Allen to have surgery on ankle

SEATTLE -- Three-time NBA All-Star Ray Allen, facing
arthroscopic surgery on his right ankle, said Friday he doesn't know how long he will be missing from the Seattle SuperSonics lineup.

"The doctor hasn't given me any timetable yet," Allen said in
a conference call from Los Angeles, where Dr. Richard Ferkel is
scheduled to remove at least one bone chip from his ankle Saturday.

The shooting guard, whose return is a key to the Sonics' success
this season, said Ferkel discovered one bone chip in his ankle
through an MRI, but told him there could be more.

Ferkel will remove the bone chip and "other debris" in the
ankle in a 90-minute operation, Allen said.

It will be the first surgery in Allen's basketball career.

While Allen doesn't know when he can get back for the Sonics, he
said Ferkel told him he wouldn't be able to put any weight on his
right ankle for at least two weeks.

"I need to take care of what I need to take care of," he told
reporters. "I just know there's two weeks where I can't put any
pressure on my leg. After that, I don't know."

Ferkel will put Allen's right ankle in a half cast Saturday,
Allen said. The doctor will remove the cast and put it in a splint
when he re-examines the player next Thursday.

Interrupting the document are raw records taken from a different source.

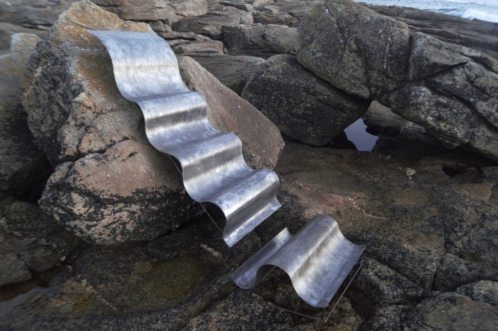 What happens if we depict the movement of a wave in a metallic and fixed object, where the movement becomes an image and not an action. And what if we make it vertical instead of horizontal and take it out of the White Box? The sculpture becomes unstable, shows its weaknesses and requires the artist to move it until it finds a place where it can adapt. Thus, the piece changes according to the environment, it entails a performance and a constant transformation; it shows its limitations as an icon
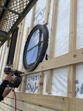 k大工さんが丸いサッシの形ピッタリに野地板を切っています。今日も日差しが強いので、なるべく日陰から進めていきます。
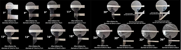 Прозрачните балони Bobo се предлагат в различни размери, изброени тук. Различните размери съответстват на различни модели и общите им надути размери. Можете да персонализирате размера си съответно.

Allen said the doctor discussed the possibility of tightening
ligaments in both of his ankles, but decided against it after an
MRI taken in Milwaukee, where Allen formerly played, showed they
hadn't become any looser.

"My ankles aren't any worse than before," Allen said.

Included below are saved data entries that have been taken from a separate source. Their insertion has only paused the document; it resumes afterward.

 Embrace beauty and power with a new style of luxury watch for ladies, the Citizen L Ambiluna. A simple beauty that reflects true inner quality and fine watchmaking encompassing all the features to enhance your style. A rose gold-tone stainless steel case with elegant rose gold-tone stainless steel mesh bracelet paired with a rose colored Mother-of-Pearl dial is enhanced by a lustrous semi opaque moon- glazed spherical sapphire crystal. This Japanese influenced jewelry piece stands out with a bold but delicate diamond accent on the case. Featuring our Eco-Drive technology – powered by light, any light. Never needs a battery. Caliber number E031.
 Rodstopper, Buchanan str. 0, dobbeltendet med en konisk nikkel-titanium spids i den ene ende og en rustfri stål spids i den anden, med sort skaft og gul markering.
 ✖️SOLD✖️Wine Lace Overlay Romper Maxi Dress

Allen was injured in practice and took himself out late in the
third quarter of Seattle's final exhibition game against Golden
State, on Oct. 22.

Allen, 28, averaged 24½ points in 29 games for the Sonics last
season after being acquired in a blockbuster trade that sent Gary Payton, the franchise's all-time leading scorer, to Milwaukee.

Allen has a 19.9-point career scoring average in 523
regular-season games. He also has averaged 24.2 points in 26 career
playoff games.

Last summer, Allen was a member of the U.S. team that qualified
for the Athens Olympics. In 2000, he played for the U.S. squad that
won a gold medal at the Sydney Olympics.

The Sonics, with Ronald Murray scoring a career-high 24 points
as Allen's replacement, beat the Los Angeles Clippers 109-100 this
week in their opener in Japan.

Allen said he has a lot of confidence that the Sonics -- and
Murray -- will play well until he returns.

"On our team, we have great talent," he said.

The Sonics missed the playoffs with a 40-42 record last season.